** Opening RECORD SET block **

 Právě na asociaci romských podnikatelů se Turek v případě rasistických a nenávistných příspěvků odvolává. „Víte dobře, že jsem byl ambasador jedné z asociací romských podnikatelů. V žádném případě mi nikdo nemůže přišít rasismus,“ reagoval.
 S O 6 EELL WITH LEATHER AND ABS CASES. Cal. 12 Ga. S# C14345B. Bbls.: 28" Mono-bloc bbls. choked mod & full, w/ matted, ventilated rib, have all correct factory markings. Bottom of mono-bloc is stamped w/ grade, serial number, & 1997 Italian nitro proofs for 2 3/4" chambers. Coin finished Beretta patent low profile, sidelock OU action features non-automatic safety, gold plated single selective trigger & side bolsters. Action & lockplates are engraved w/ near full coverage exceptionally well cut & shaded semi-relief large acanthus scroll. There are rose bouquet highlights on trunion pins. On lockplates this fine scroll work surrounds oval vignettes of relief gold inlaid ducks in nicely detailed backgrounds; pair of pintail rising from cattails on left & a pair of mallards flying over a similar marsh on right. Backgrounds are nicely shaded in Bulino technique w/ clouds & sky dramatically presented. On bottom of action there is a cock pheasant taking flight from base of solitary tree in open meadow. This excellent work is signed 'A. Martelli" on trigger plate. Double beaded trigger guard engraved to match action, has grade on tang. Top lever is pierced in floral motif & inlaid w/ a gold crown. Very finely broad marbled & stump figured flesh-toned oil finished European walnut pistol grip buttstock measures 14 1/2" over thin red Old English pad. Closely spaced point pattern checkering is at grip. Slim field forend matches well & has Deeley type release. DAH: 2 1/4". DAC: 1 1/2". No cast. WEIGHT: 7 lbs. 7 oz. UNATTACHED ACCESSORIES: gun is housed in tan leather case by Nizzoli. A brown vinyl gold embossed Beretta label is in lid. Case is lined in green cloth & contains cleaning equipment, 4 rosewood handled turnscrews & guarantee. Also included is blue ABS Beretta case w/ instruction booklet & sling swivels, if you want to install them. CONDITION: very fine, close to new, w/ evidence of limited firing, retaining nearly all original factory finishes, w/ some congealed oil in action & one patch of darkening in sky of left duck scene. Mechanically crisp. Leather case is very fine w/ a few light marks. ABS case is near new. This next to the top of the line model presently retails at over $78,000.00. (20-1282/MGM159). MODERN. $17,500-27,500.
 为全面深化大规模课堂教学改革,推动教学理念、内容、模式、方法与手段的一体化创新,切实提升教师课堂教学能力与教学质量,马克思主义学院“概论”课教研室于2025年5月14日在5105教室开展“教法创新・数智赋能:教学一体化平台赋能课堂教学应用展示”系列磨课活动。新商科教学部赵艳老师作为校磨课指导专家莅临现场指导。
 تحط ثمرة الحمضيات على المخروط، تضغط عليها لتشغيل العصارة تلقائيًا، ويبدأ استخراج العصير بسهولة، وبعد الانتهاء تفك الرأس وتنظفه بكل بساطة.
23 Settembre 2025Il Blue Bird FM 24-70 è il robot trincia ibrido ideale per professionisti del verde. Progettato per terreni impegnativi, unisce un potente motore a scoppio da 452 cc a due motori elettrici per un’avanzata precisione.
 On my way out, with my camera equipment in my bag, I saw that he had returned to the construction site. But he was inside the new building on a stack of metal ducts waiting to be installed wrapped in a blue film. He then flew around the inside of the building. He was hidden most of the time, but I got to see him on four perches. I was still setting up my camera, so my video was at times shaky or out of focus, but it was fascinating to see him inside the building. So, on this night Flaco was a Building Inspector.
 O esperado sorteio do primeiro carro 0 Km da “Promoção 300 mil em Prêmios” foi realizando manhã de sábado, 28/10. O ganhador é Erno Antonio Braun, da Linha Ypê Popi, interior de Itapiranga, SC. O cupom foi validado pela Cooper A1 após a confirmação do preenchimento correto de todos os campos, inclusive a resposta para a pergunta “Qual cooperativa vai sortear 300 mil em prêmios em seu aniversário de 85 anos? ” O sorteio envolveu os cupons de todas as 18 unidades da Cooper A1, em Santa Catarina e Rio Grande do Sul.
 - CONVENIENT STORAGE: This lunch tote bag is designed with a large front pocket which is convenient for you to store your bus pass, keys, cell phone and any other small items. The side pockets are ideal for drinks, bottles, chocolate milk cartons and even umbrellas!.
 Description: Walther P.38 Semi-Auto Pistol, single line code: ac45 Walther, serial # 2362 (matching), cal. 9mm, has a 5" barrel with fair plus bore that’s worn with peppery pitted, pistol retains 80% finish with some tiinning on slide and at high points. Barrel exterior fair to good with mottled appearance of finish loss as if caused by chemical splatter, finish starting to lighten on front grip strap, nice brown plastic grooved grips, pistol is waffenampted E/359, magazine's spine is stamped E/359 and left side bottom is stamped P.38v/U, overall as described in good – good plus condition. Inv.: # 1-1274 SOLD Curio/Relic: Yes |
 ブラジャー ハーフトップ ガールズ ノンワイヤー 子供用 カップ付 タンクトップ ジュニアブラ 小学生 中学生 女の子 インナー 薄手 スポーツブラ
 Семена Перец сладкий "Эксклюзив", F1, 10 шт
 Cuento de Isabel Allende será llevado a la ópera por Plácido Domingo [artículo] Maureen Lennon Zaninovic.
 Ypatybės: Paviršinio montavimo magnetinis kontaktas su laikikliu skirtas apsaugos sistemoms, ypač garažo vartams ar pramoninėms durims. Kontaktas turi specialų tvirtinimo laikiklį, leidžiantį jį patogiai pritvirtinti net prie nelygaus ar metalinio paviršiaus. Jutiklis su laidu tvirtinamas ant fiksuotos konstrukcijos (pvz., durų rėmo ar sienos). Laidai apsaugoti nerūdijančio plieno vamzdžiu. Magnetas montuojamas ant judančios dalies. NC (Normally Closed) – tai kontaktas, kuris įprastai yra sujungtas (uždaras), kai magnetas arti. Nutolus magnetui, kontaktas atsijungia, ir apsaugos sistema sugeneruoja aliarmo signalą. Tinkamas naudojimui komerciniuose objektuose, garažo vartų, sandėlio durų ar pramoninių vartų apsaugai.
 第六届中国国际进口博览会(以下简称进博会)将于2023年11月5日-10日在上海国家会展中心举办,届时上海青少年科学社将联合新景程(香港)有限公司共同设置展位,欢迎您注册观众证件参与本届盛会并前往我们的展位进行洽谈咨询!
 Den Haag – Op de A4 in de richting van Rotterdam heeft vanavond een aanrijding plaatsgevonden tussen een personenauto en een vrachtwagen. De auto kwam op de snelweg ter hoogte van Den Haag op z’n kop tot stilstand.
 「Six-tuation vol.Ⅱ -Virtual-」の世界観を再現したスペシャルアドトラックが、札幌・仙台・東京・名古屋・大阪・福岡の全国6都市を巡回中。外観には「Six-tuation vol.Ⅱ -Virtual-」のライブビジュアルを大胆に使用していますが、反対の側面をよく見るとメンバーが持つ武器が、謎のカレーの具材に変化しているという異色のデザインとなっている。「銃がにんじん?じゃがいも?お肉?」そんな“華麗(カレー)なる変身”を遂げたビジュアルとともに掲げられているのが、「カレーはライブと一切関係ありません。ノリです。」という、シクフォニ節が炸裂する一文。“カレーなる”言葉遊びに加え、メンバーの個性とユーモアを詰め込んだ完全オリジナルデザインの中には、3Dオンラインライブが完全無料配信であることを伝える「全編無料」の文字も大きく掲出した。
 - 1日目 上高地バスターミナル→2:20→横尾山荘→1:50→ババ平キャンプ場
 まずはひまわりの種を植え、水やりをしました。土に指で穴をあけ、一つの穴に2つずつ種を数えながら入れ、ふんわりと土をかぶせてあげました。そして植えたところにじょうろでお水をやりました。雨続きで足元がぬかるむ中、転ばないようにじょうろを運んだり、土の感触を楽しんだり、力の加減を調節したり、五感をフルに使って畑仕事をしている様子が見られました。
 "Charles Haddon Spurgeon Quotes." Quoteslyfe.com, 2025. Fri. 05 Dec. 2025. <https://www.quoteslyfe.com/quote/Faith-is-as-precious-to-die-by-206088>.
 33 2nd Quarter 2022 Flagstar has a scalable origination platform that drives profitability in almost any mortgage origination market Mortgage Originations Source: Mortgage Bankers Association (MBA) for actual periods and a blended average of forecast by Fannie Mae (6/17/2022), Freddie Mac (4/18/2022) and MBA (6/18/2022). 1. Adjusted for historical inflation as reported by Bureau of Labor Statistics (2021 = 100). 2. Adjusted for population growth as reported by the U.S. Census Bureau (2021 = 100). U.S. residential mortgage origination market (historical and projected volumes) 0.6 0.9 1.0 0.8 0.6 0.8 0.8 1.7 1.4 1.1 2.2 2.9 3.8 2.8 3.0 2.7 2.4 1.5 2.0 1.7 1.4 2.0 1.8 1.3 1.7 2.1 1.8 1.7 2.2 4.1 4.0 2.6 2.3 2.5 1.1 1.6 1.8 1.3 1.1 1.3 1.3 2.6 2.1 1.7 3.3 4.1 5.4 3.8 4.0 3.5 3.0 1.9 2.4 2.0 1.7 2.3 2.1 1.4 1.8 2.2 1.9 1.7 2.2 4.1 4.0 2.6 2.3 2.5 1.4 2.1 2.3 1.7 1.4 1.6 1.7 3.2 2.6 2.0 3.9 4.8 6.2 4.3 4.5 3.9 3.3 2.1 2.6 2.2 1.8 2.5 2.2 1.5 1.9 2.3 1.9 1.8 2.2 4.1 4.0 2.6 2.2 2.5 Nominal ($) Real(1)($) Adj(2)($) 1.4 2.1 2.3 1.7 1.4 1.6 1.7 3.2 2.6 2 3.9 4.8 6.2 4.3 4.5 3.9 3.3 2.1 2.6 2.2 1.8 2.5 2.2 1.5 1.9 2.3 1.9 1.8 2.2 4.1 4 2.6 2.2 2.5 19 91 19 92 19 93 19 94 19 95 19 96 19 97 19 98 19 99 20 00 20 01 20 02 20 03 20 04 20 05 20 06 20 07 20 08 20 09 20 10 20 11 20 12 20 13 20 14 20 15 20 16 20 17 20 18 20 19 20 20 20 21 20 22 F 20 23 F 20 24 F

** Closing RECORD SET block **

# PROBLEM TO SOLVE:
Only those lines of the entries above that run from the line containing "まずはひまわりの種を植え、水" to the line containing "Quoteslyfe.com, 2025. Fri.", both included, should be transcribed exactly.

# FINISHED EXERCISE:
 まずはひまわりの種を植え、水やりをしました。土に指で穴をあけ、一つの穴に2つずつ種を数えながら入れ、ふんわりと土をかぶせてあげました。そして植えたところにじょうろでお水をやりました。雨続きで足元がぬかるむ中、転ばないようにじょうろを運んだり、土の感触を楽しんだり、力の加減を調節したり、五感をフルに使って畑仕事をしている様子が見られました。
 "Charles Haddon Spurgeon Quotes." Quoteslyfe.com, 2025. Fri. 05 Dec. 2025. <https://www.quoteslyfe.com/quote/Faith-is-as-precious-to-die-by-206088>.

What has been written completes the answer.